In March I transitioned over to using Google’s Gemini 2.5 models for everything besides coding, and they proved hugely superior in most regards except for ‘personality’. Their swift response times and fantastic use of web content make them incredibly useful. Shortly after my switch to Gemini, I began informing it (and ChatGPT, when I occasionally use it) who I am, which prompts it to pull in useful context.

I tested ChatGPT’s image generation (gpt-image-1) via ChatGPT and found it very impressive, but I don’t have a need for image generation and found that its images tended to have a certain undesirable property regardless of style and are tinted yellow despite my best attempts to avoid it.

I gave Cursor a go around this time, but it failed in all the same ways GitHub Copilot did and continues to.

In April I began using Gemini’s writing editor Gem for getting feedback on my grammar and flaws. I disagree with many of its suggestions and find it often tries to neuter any character, but it does act like a fresh pair of eyes and points out structural/grammatical/spelling issues.

Towards the conclusion of April, I began experimenting with the freshly released Qwen3. It is the first model I’ve found that runs reasonably locally on my laptop and has output worth using compared to current flagships.

With the introduction of Claude Sonnet 4 in May, I moved from Claude 3.7 Sonnet. Sonnet 4 It is far more capable than previous iterations and doesn’t fall victim to the same needless introduction of unnecessary complexity that 3.7 did. I was also pleased with Opus 4, but haven’t found Sonnet lacking enough to justify paying for it.

Specific Usage

The two tasks I use AI models for the most are writing and coding, but I’m conscious I use them for these tasks differently from most people I see discussing them.

Writing

I love writing, and I don’t want an LLM to do my writing for me. However, I do appreciate it providing feedback like a human reviewer would. Things such as picking up on wordiness or less-than-ideal grammar are fantastic use cases.

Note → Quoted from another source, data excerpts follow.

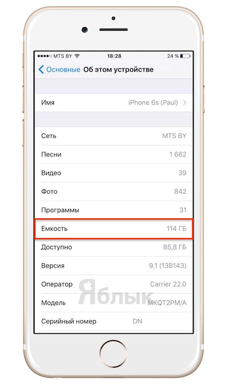 Другой пример: iPhone 6s 128 Гб – пользователю доступно…. 114 Гб. Минус 14 (!!!) Гб?
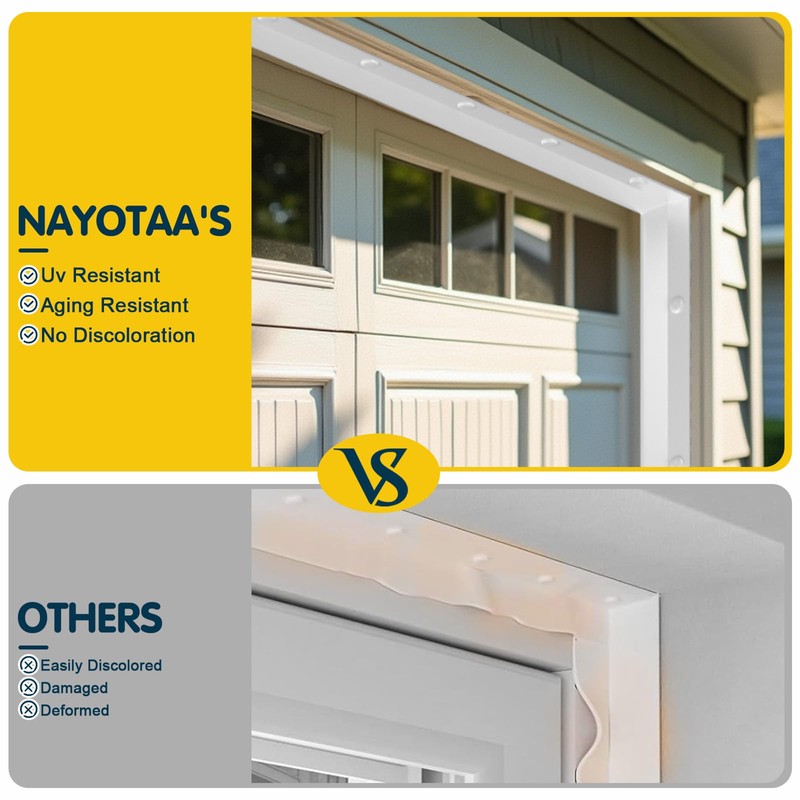 - Firmly mounted: Peel off the adhesive strip, stick it in the desired position and reinforce it with the included nails and lids to ensure that the garage door top seal is firmly fixed on the garage
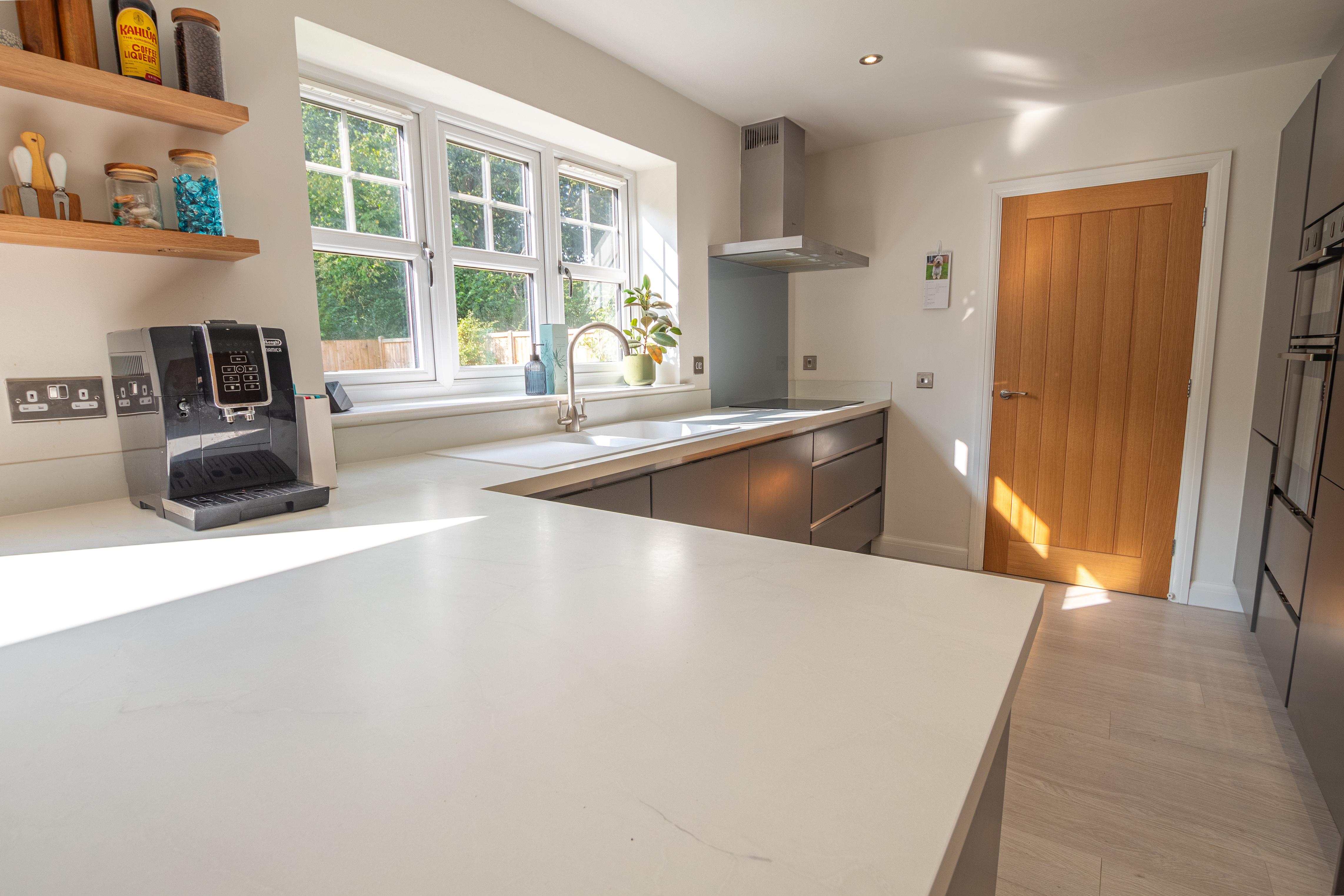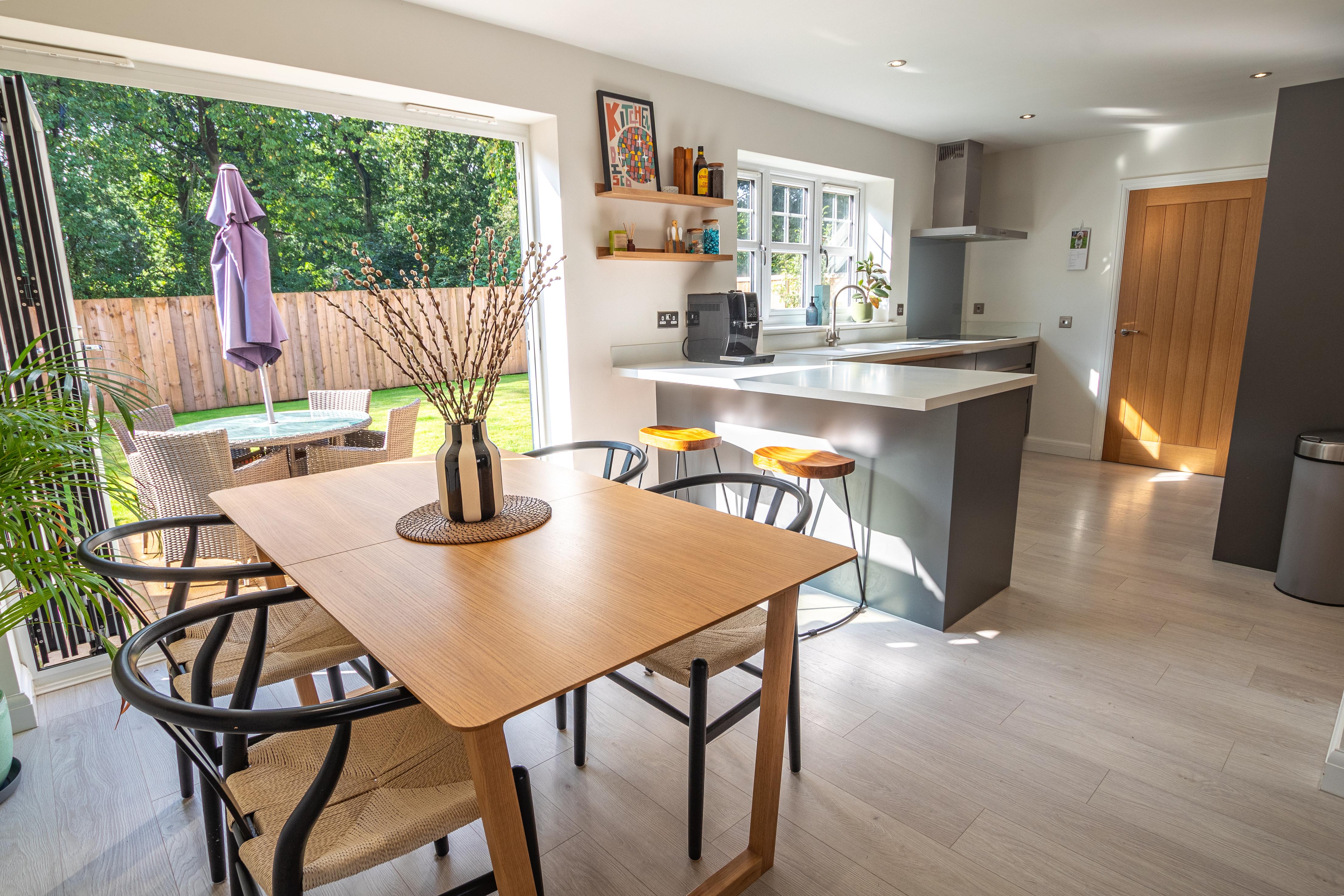 The front entrance door opens into a spacious and welcoming reception hallway with a decorative spindled staircase to the first floor with a storage cupboard below and access into the converted garage space that offers an additional reception room, and into the wellappointed kitchen/diner that boasts matt finished fitted cabinets and a breakfast bar, builtin appliances to include a double oven, hob, extractor fan, dishwasher and fridge/freezer and enjoys French doors leading to the rear garden. Approached from the kitchen is the generously proportioned front aspect lounge that benefits from a walk-in bay window, and to complete the ground floor is a good size utility room that is complimented with matching cabinets and space for white goods and a downstairs cloakroom with a hand wash basin and W.C.

I often write alone for long periods and get caught up in my own head, so having something to riff off is beneficial. Like most writers, I sometimes hit a bit of a block, so being able to get an LLM to give me a nudge to push me along is great for my productivity. It is accessible and will provide feedback that, while not necessarily always good, does usually inspire or trigger some thought.

For instance, when struggling to rephrase a clunky sentence, asking an LLM for a few alternative phrasings often sparks the exact direction I need, even if I don’t use any of its suggestions directly. A debug duck, if you will.

Coding

I will happily get AI models to generate large portions of code, but any non-vibe-coded AI-generated code I commit must be at the quality of code I would write myself and is checked along the way. Code being AI-generated is not itself an excuse for it being bad, and vigilant oversight is required.

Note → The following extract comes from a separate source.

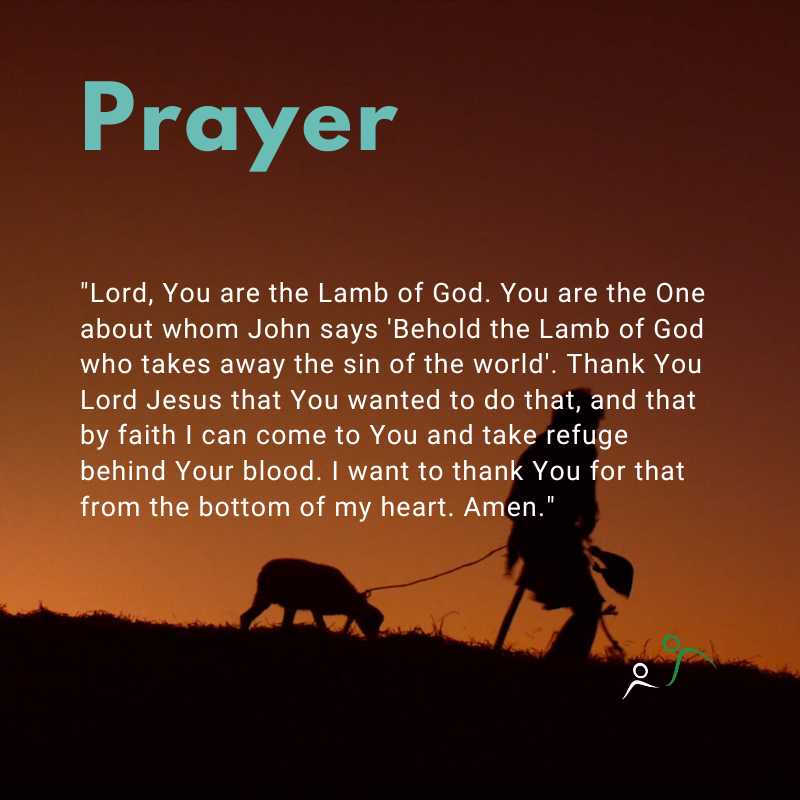 "Lord, You are the Lamb of God. You are the One about whom John says 'Behold the Lamb of God who takes away the sin of the world'. Thank You, Lord Jesus, that You wanted to do that, and that by faith I can come to You and take refuge behind Your blood. I want to thank You for that from the bottom of my heart. Amen."
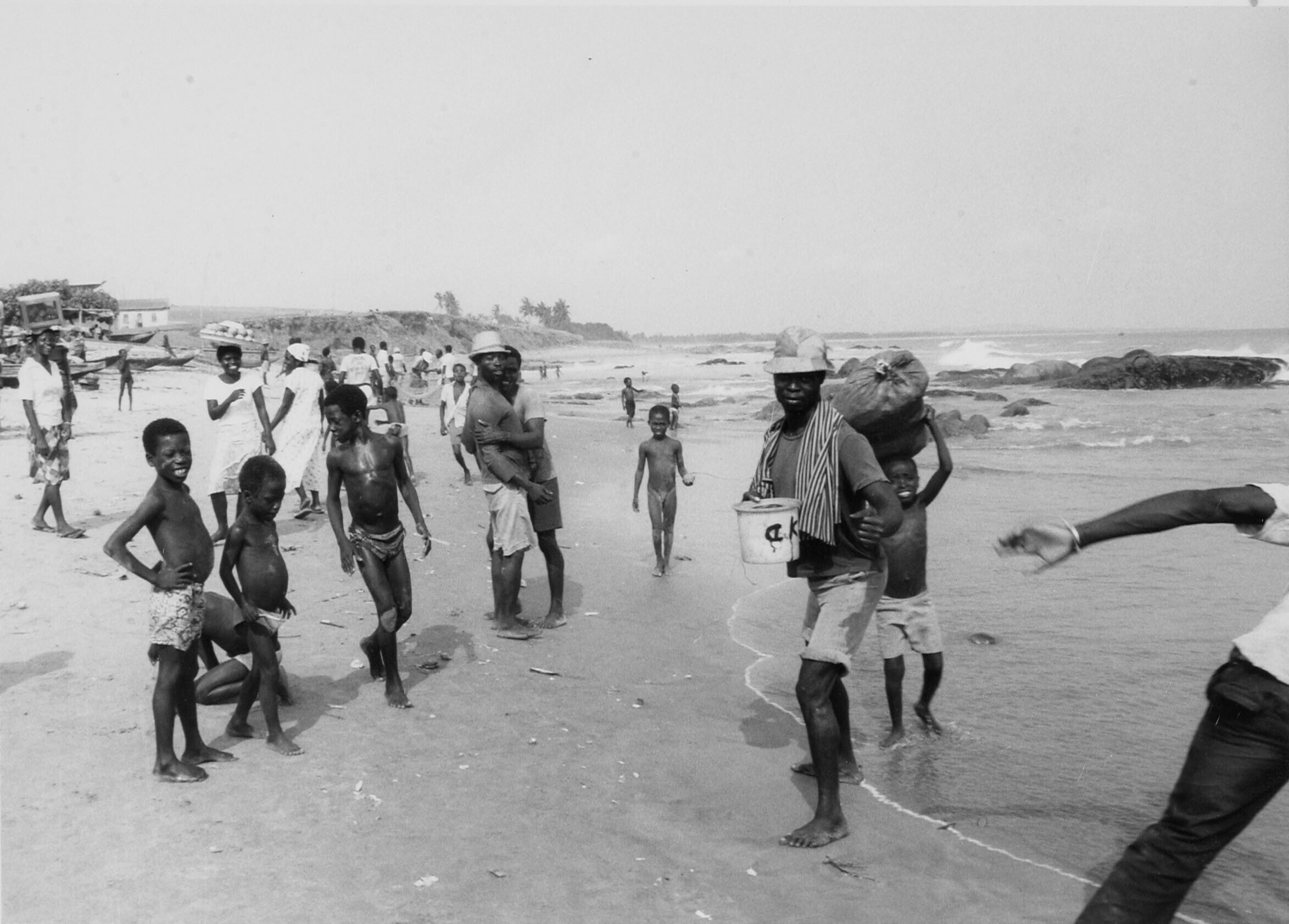 Het strand van Winneba met vissersboten

When I use AI to generate code, I do it separate from my editor. Every experience I have had with in-editor AI has been poor unless I give it complete control, which I dislike doing for obvious reasons. AI is a tool, not a replacement, so leaving it to do things on its own usually goes awry.

Inline suggestions are the most egregious of all the ways AI tries to help me in-editor. It gets directly underfoot and in my way to the extent it can. Suggestions are worse than what can be sourced from my LSP or elsewhere in my buffer and are frequently so wrong they’re distracting.

Instead, I’ll always opt for an external interface where I supply the relevant code and allow it to be handled, and this works extremely smoothly. This is also often more cost-effective given available free plans for flagship models.

It is also incredibly useful for creating small, throwaway tools as part of the development process, as I’ve discussed before.